Given data:
-----
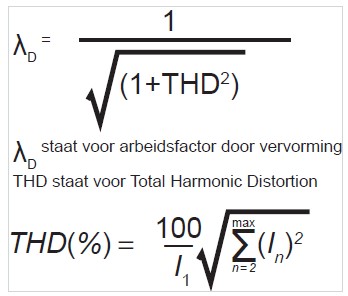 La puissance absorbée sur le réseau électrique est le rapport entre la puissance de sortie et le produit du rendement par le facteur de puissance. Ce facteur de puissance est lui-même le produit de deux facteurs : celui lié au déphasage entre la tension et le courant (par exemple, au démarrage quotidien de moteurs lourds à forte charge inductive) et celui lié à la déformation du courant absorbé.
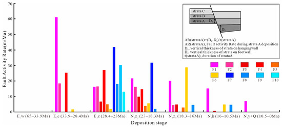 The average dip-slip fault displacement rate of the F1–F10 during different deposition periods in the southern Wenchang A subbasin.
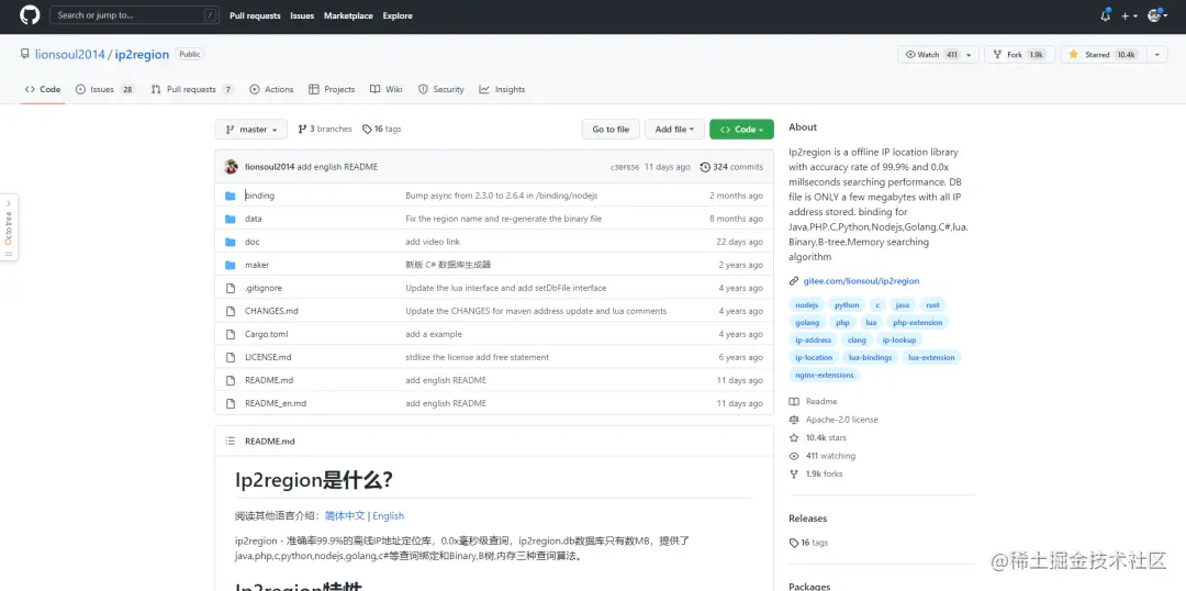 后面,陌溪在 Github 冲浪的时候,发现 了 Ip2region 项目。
-----
Your assignment: Set down every line above exactly, pictures excluded.

Written answer:
 La puissance absorbée sur le réseau électrique est le rapport entre la puissance de sortie et le produit du rendement par le facteur de puissance. Ce facteur de puissance est lui-même le produit de deux facteurs : celui lié au déphasage entre la tension et le courant (par exemple, au démarrage quotidien de moteurs lourds à forte charge inductive) et celui lié à la déformation du courant absorbé.
 The average dip-slip fault displacement rate of the F1–F10 during different deposition periods in the southern Wenchang A subbasin.
 后面,陌溪在 Github 冲浪的时候,发现 了 Ip2region 项目。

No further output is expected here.